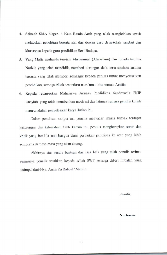 Nur Husna, PELAKSANAAN KURIKULUM TINGKAT SATUAN PENDIDIKAN (KTSP) PELAJARAN SENI BUDAYA PADA SMA NEGERI 4 KOTA BANDA ACEH. Banda Aceh Fakultas Keguruan dan Ilmu Pendidikan,2021
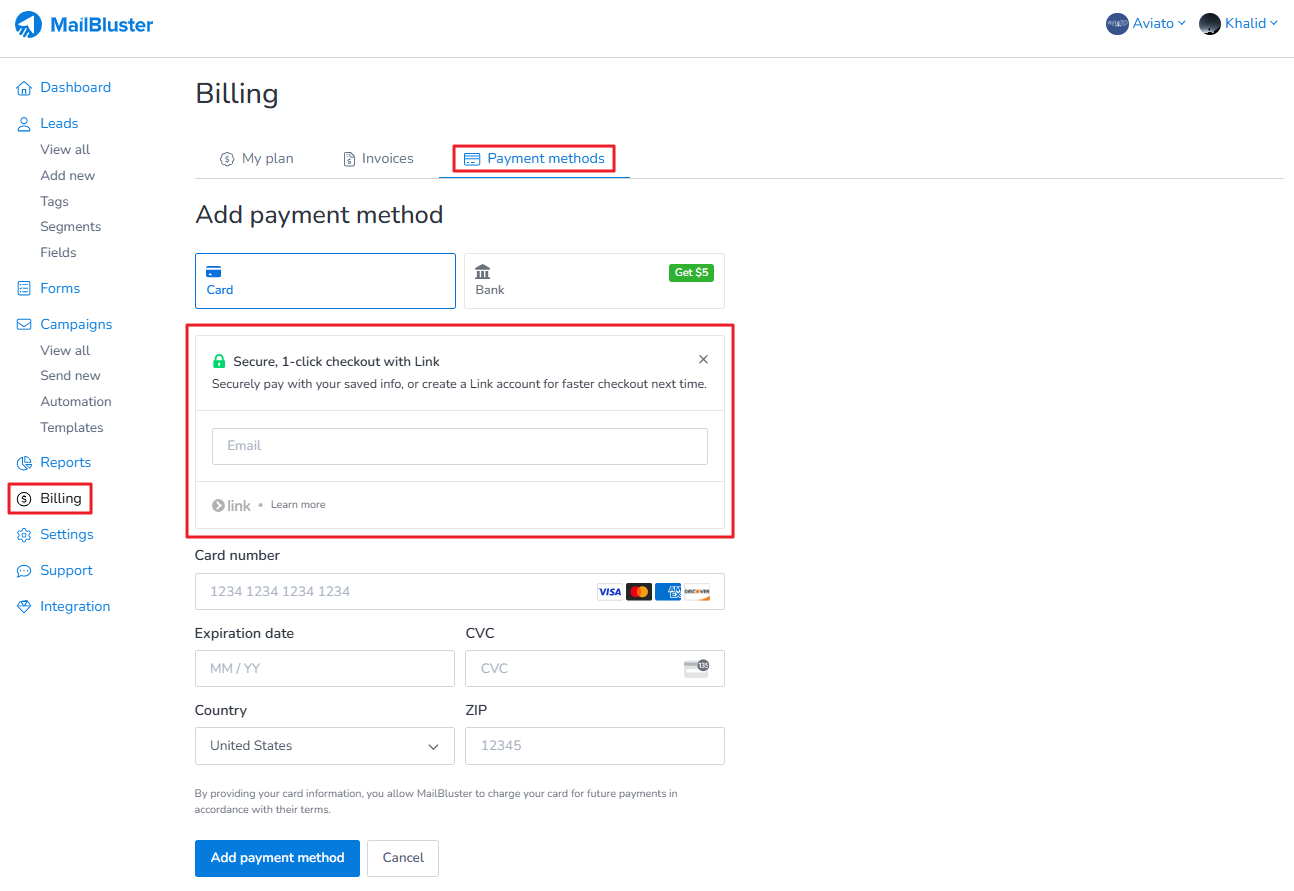 MailBluster supports manual payment through Link. Link is a product of Stripe. Link is a feature that provides a streamlined, secure, and quick checkout experience for customers.
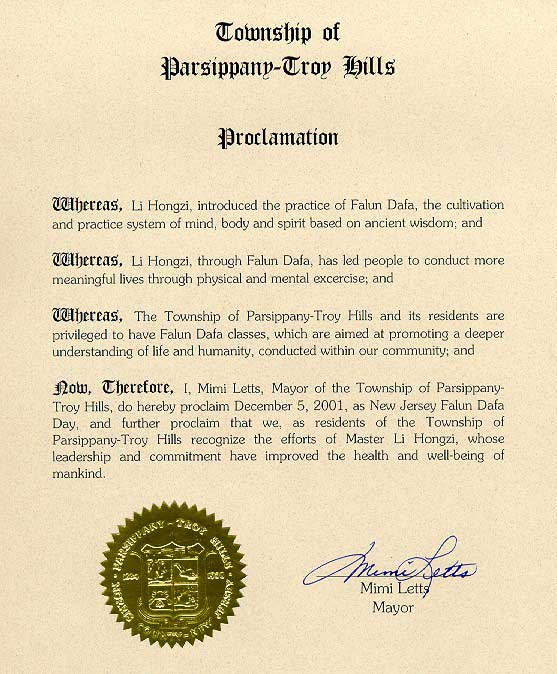 为此,我,咪咪·莱特思 (Mimi Letts),帕瑟伯尼市市长,决定:宣布2001年12月1日为新泽西“法轮大法日”;同时决定,我们,帕瑟伯尼市市民,嘉奖李洪志大师在改善人类健康和福祉方面所体现出的领袖作用和献身精神。

☆ ☆ ☆ ☆

▶ PROBLEM DESCRIPTION
The material above must be printed exactly, with its pictures left out.

▶ SOLUTION FOR THIS PROBLEM
 Nur Husna, PELAKSANAAN KURIKULUM TINGKAT SATUAN PENDIDIKAN (KTSP) PELAJARAN SENI BUDAYA PADA SMA NEGERI 4 KOTA BANDA ACEH. Banda Aceh Fakultas Keguruan dan Ilmu Pendidikan,2021
 MailBluster supports manual payment through Link. Link is a product of Stripe. Link is a feature that provides a streamlined, secure, and quick checkout experience for customers.
 为此,我,咪咪·莱特思 (Mimi Letts),帕瑟伯尼市市长,决定:宣布2001年12月1日为新泽西“法轮大法日”;同时决定,我们,帕瑟伯尼市市民,嘉奖李洪志大师在改善人类健康和福祉方面所体现出的领袖作用和献身精神。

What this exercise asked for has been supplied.